Open Sourcing Modern Acupuncture, Part Two: Trouble
After I read this article in the Franchise Times, a multiple choice question popped into my mind. (Yeah, that happens. More about that in a minute.) What do you get if you cross the People’s Organization of Community Acupuncture with Massage Envy?
a) Modern Acupuncture
b) $$$$$ !!!!!
c) trouble
d) a & c
e) a & b
The founders of Modern Acupuncture seem to think the correct answer is e. But I think it’s d.
Why? Check out this instagram post, dated Nov 27, 2017:
ma_modernacupuncture Each year, thousands of acupuncturists graduate from college and seek employment. This means you'll have no trouble finding licensed acupuncturists to staff your Modern Acupuncture location.
My reaction:
hahahahahahahahaha
*sob*
You know why multiple choice questions regularly pop into my mind? Because POCA had SO much trouble finding L.Acs to work in its clinics that we had to start our own acupuncture school to supply them (please read this post if you haven’t) and now a not-insignificant portion of my brain is devoted to tasks like generating multiple choice questions. (I can’t seem to turn it off.)
In the previous post in this series, I wrote that Modern Acupuncture is running a staggeringly expensive experiment on behalf of our knowledge commons, whether they intended it that way or not.

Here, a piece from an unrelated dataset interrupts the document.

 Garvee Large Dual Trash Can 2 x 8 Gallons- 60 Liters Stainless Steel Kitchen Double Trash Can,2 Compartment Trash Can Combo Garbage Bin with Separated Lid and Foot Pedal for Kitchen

One of the questions their experiment will answer is, how troubled is the acupuncture industry, really? There’s pretty significant disagreement about that. On one hand, you’ve got articles like this, that suggest there are more than 37,000 L.Acs in the US and that number is growing. On the other, you’ve got POCA’s experience, and lots of anecdotal reports, that suggest however many acupuncturists are out there, an alarming proportion aren’t working, or are barely working, in the field that they spent so much money and time to get into.
Shouldn’t all those unemployed acupuncturists be an element in Modern Acupuncture’s favor, though? Doesn’t that constitute a workforce-in-waiting?

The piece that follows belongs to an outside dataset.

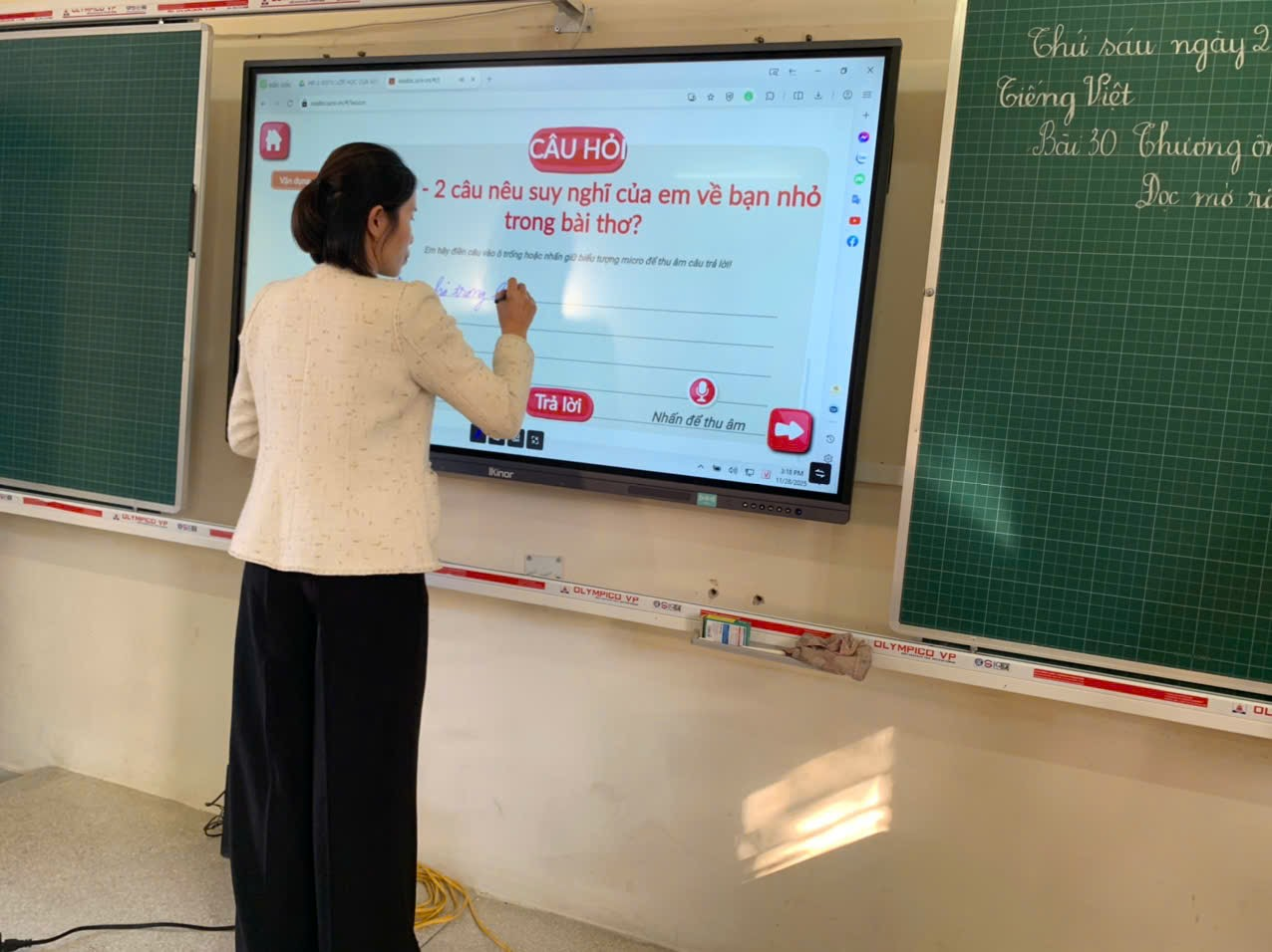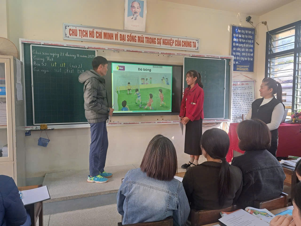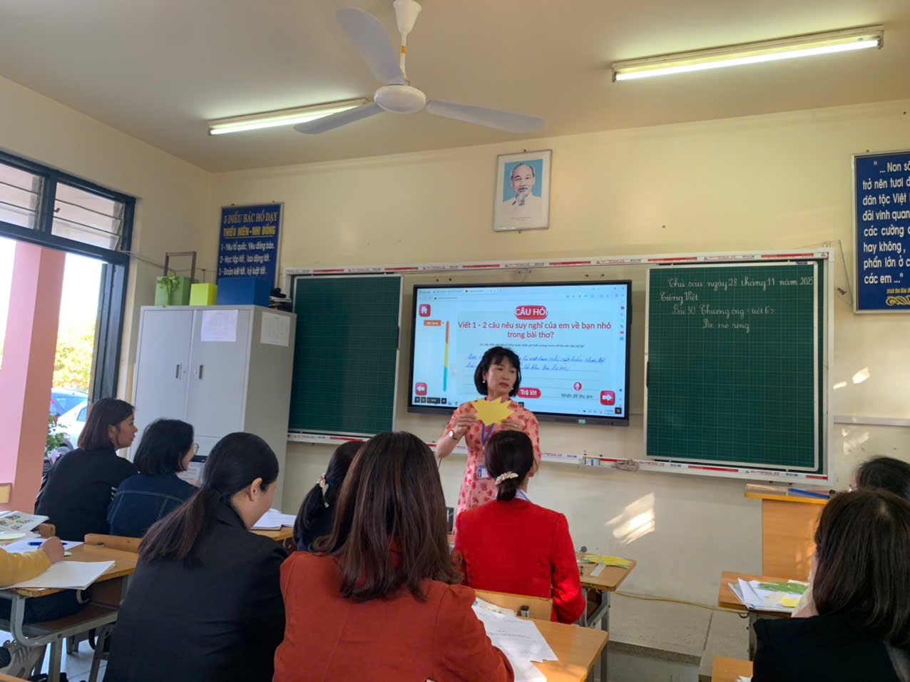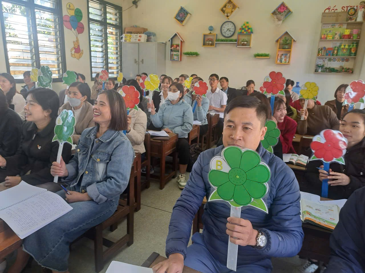 Giáo viên đóng vai là học sinh tại tiết học thực hành sinh hoạt chuyên môn cụm

Not in POCA’s experience, or we wouldn’t have bothered to start our own school. One POCA clinic owner wrote, “That Instagram post is truly hysterical. Hiring and managing a staff is by far the hardest thing we do. And really the managing is better than the hiring.”
Modern Acupuncture is paying employees more than many POCA clinics pay (or, offering more work at similar compensation), so won’t they attract more candidates? Plus they look more legitimate; you all are a bunch of dirty communists and nobody takes you seriously. (Whoops, channeling Acupuncture Today there.)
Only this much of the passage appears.